On 8/21/25 21:02, Robert wrote:
> On 8/21/2025 3:03 PM, Dag-Erling Smørgrav wrote:
>> You should take a look in /var/backups, you may find a backup of
>> the partition table from the failed drive. Assuming you remove the
>> failed drive first, you can safely `gpart restore -l` this backup onto
>> the replacement drive, which will recreate the labels (but not UUIDs).
>
> Great, had no idea, yes, I see the gpartada0.backup in /var/backups...
>
> root@db1:~ # cat /var/backups/gpart.ada0.bak <<-- REMOVED disk
> GPT 128
> 1 freebsd-boot 40 1024 gptboot0
> 2 freebsd-swap 2048 16777216 swap0
> 3 freebsd-zfs 16779264 276267008 zfs0
> root@db1:~ # cat /var/backups/gpart.ada1.bak
> GPT 128
> 1 freebsd-boot 40 1024 gptboot1
> 2 freebsd-swap 2048 16777216 swap1
> 3 freebsd-zfs 16779264 276267008 zfs1
> root@db1:~ # cat /var/backups/gpart.ada2.bak
> GPT 128
> 1 freebsd-boot 40 1024 gptboot2
> 2 freebsd-swap 2048 16777216 swap2
> 3 freebsd-zfs 1677926l /v4 276267008 zfs2
> root@db1:~ # cat /var/backups/gpart.ada3.bak
> GPT 128
> 1 freebsd-boot 40 1024 gptboot3
> 2 freebsd-swap 2048 16777216 swap3
> 3 freebsd-zfs 16779264 276267008 zfs3
> root@db1:~ # cat /var/backups/gpart.ada4.bak
>
Good.
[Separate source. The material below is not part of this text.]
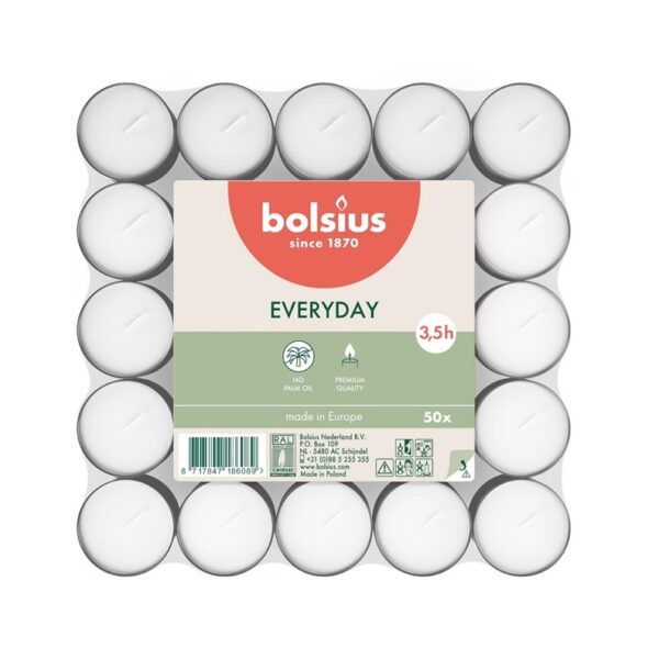 Žvakė, arbatinė Bolsius, 3.5 h, 50 vnt., Balta

So long as nothing uses GUID/UUID, gpart(8) restore with labels
should work.
This is my server system disk (BIOS, MBR):
2025-08-21 21:13:19 toor@f5 ~
# gpart show ada0
=> 40 117231328 ada0 GPT (56G)
40 1024 1 freebsd-boot (512K)
1064 29359104 2 freebsd-ufs (14G)
29360168 1564672 3 freebsd-swap (764M)
30924840 86306528 - free - (41G)
I have a backup of the freebsd boot partition:
2025-08-21 21:55:05 toor@f5 ~
# ll /var/backups/boot.ada0p1.bak
-rw-r--r-- 1 root wheel 524288 2024/03/04 03:01:00
/var/backups/boot.ada0p1.bak
And the backup still matches adap1:
2025-08-21 21:13:44 toor@f5 ~
# cmp /dev/ada0p1 /var/backups/boot.ada0p1.bak
2025-08-21 21:14:00 toor@f5 ~
# echo $?
0
The last piece of the puzzle is the MBR. I see some possibilities in /boot:
2025-08-21 21:20:36 toor@f5 ~
# ll -S /boot | grep ' 512 ' | grep -v drwx
-r--r--r-- 1 root wheel 512 2025/05/24 14:51:34 boot0
-r--r--r-- 1 root wheel 512 2025/05/24 14:51:34 boot0sio
-r--r--r-- 1 root wheel 512 2023/04/06 21:24:38 boot1
-r--r--r-- 1 root wheel 512 2023/04/06 21:24:38 mbr
-r--r--r-- 1 root wheel 512 2023/04/06 21:24:38 pmbr
Referring to WikiPedia "Master boot record" table "Structure of a
classical generic MBR":
https://en.wikipedia.org/wiki/Master_boot_record
The bootstrap code area is the first 446 bytes. Look for a match:
2025-08-21 21:24:08 toor@f5 ~
# cmp -n 446 /dev/ada0 /boot/boot0
/dev/ada0 /boot/boot0 differ: char 12, line 1
2025-08-21 21:25:00 toor@f5 ~
# cmp -n 446 /dev/ada0 /boot/boot0sio
/dev/ada0 /boot/boot0sio differ: char 12, line 1
2025-08-21 21:25:05 toor@f5 ~
# cmp -n 446 /dev/ada0 /boot/boot1
/dev/ada0 /boot/boot1 differ: char 1, line 1
2025-08-21 21:25:08 toor@f5 ~
# cmp -n 446 /dev/ada0 /boot/mbr
/dev/ada0 /boot/mbr differ: char 12, line 1
2025-08-21 21:25:12 toor@f5 ~
# cmp -n 446 /dev/ada0 /boot/pmbr
So, the FreeBSD installer put /boot/pmbr into the MBR of my system disk.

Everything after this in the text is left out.